Basically, if you imagine this as a table of "user's name, date of birth, and address" keys mapping to genomic and other data, the key was replaced with a random identifier that could not be trivially joined to recover the user name, date of birth, and address.

These systems are not robust against motivated and capitalized adversaries.

I can go to a data broker and purchase access to de-identified EMR data for most of the U.S. population. There are much more useful de-identified datasets around than ours, if someone is motivated to try to re-identify those datasets. That data is all bought and sold without anyone's consent and this is all fine under HIPAA.
I wasn't trying to convince anybody otherwise. I think the noise about 23&Me's data to be pretty uninteresting. I published my own genome (through PGP) for anybody to download, and I know that people have identified me from my post https://news.ycombinator.com/item?id=7641201 and other comments.
That's more or less what I expected.
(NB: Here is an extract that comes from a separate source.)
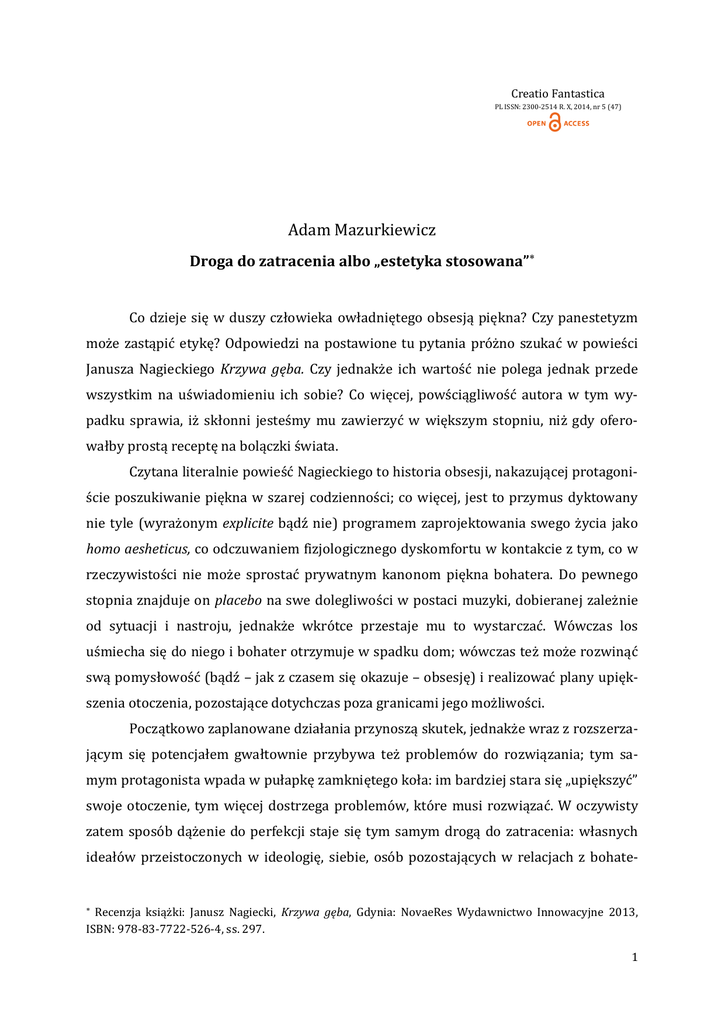 Creatio Fantastica PL ISSN: 2300-2514 R. X, 2014, nr 5 (47) Adam Mazurkiewicz Droga do zatracenia albo „estetyka stosowana” Co dzieje się w duszy człowieka owładniętego obsesją piękna? Czy panestetyzm może zastąpić etykę? Odpowiedzi na postawione tu pytania próżno szukać w powieści Janusza Nagieckiego Krzywa gęba. Czy jednakże ich wartość nie polega jednak przede wszystkim na uświadomieniu ich sobie? Co więcej, powściągliwość autora w tym wypadku sprawia, iż skłonni jesteśmy mu zawierzyć w większym stopniu, niż gdy oferowałby prostą receptę na bolączki świata. Czytana literalnie powieść Nagieckiego to historia obsesji, nakazującej protagoniście poszukiwanie piękna w szarej codzienności; co więcej, jest to przymus dyktowany nie tyle (wyrażonym explicite bądź nie) programem zaprojektowania swego życia jako homo aesheticus, co odczuwaniem fizjologicznego dyskomfortu w kontakcie z tym, co w rzeczywistości nie może sprostać prywatnym kanonom piękna bohatera. Do pewnego stopnia znajduje on placebo na swe dolegliwości w postaci muzyki, dobieranej zależnie od sytuacji i nastroju, jednakże wkrótce przestaje mu to wystarczać. Wówczas los uśmiecha się do niego i bohater otrzymuje w spadku dom; wówczas też może rozwinąć swą pomysłowość (bądź – jak z czasem się okazuje – obsesję) i realizować plany upiększenia otoczenia, pozostające dotychczas poza granicami jego możliwości. Początkowo zaplanowane działania przynoszą skutek, jednakże wraz z rozszerzającym się potencjałem gwałtownie przybywa też problemów do rozwiązania; tym samym protagonista wpada w pułapkę zamkniętego koła: im bardziej stara się „upiększyć” swoje otoczenie, tym więcej dostrzega problemów, które musi rozwiązać. W oczywisty zatem sposób dążenie do perfekcji staje się tym samym drogą do zatracenia: własnych ideałów przeistoczonych w ideologię, siebie, osób pozostających w relacjach z bohate- Recenzja książki: Janusz Nagiecki, Krzywa gęba, Gdynia: NovaeRes Wydawnictwo Innowacyjne 2013, ISBN: 978-83-7722-526-4, ss. 297. 1 rem... Z tej perspektywy dramat jednostki skazanej na niespełnienie spowodowane perfekcjonizmem zdaje się przestrogą przed doskonałością, dla osiągnięcia której bohater nie waha się popełnić zbrodni1. Spójrzmy jednak na opowieść Nagieckiego przez pryzmat ponowoczesnych projektów estetycznych i ich społeczno-obyczajowych konsekwencji. Jeśli potraktujemy fabularne zdarzenia jako anegdotę, stanowiącą zaledwie punkt wyjścia (nie zaś dojścia, jak w suponowanym wyżej odczytaniu) do eseistycznego namysłu nad kondycją postmodernistycznej estetyki, istotnym punktem odniesienia stanie się koncepcja anestetyki Wolfganga Welscha2. Tożsamy jest zresztą w obu przypadkach – tak pisarza, jak filozofia – punkt wyjścia: współczesna czytelnikowi (resp. bohaterowi) rzeczywistość jest nasycona do tego stopnia tendencjami estetyzującymi, że domaga się reakcji odbiorców komunikatów, przeistaczających się – na skutek nadmiaru – w „biały szum”. Możliwe jest przy tym obranie strategii, które rozciągają się pomiędzy dwoma biegunami przeciwieństw: albo „znieczulimy się” na owe przekazy (to postulat Weslcha, opatrującego ją mianem anestetyki), albo podążymy za sprzecznymi nierzadko sygnałami, zatracając się w kolejnych propozycjach tak, iż to, co miało stać się narzędziem, przeistoczy się w wartość nadrzędną (sytuację tę opisał Nagiecki). Odczytywanie Krzywej gęby z tej perspektywy pozwala zrozumieć osobliwości poetyki tego utworu: ograniczenie partii dialogowych, uniwersalizacja bohaterów sprowadzonych do znaków, pozbawionych wyróżników w postaci imion. również sceneria fabularnych zdarzeń, mimo pojawiających się niekiedy obszernych opisów, zdaje się bardziej umowną scenografią, niż światem przedstawionym, do którego pełni jesteśmy w prozie przyzwyczajeni. Równie co zewnętrzność, skryta w niedopowiedzeniach pozostaje psychika głównego bohatera, której stany możemy obserwować zazwyczaj pośrednio, dzięki opisom zachowań. Metoda ukazywania owych stanów, inspirowana założeniami psychologii behawioralnej, zdaje się jednak nie tyle suponować głębię i mroki psyche protagonisty, co ma za zadanie dodatkowo wzmagać poczucie wyobcowania jed- Zaproponowany tu sposób interpretacji można dostrzec w jednym z nielicznych omówień powieści; zob.: Recenzja książki „Krzywa gęba”. Janusz Nagiecki, w: http://www.kobietnik.pl/2013/05/recenzja-ksiazkikrzywa-geba-janusz.html [dostęp: 18 września 2014]. 2 Zob.: W. Welsch, Estetyka i anestetyka, przekł. M. Łukasiewicz, [w]: Postmodernizm. Antologia przekładów, red. R. Nycz, Kraków: Wydawnictwo Baran i Suszczyński 1998, ss. 520–546. Mimo iż szkic Welscha pochodzi z 1991 roku, nie tylko nie stracił na aktualności, ale – wraz z rozwojem paradygmatu cyberkultury i refleksjonujących ją nowych nurtów filozoficznych (przede wszystkim posthumanizmu) – postawione w nim tezy uległy wyostrzeniu. 1 2 nostki, której życie wewnętrzne pozostaje tajemnicą tak dla innych postaci, jak i czytelnika. Warto – zwłaszcza w dobie ekspansji kiczu wszelakiego rodzaju – pamiętać o bezimiennym bohaterze opowieści Nagieckiego: jako przestrodze, ale i pułapce, która czyha na perfekcjonistów, usiłujących sprowadzić wielowymiarowość świata do tego, co zdolni będą uznać za „ładne”. 3

Ah well, the odds that this becomes something of significance to most people seems remote, but either way you can't unring the bell.
Here "de-identified" means stripped of PII (name, address, phone number, email, etc). You are correct that genetic information is intrinsically identifiABLE (in the sense that it is stable and uniquely distinguishing for individuals). When we've shared individual-level data with a partner, it was with consent of the participants involved, and under a contract that prohibits re-identification.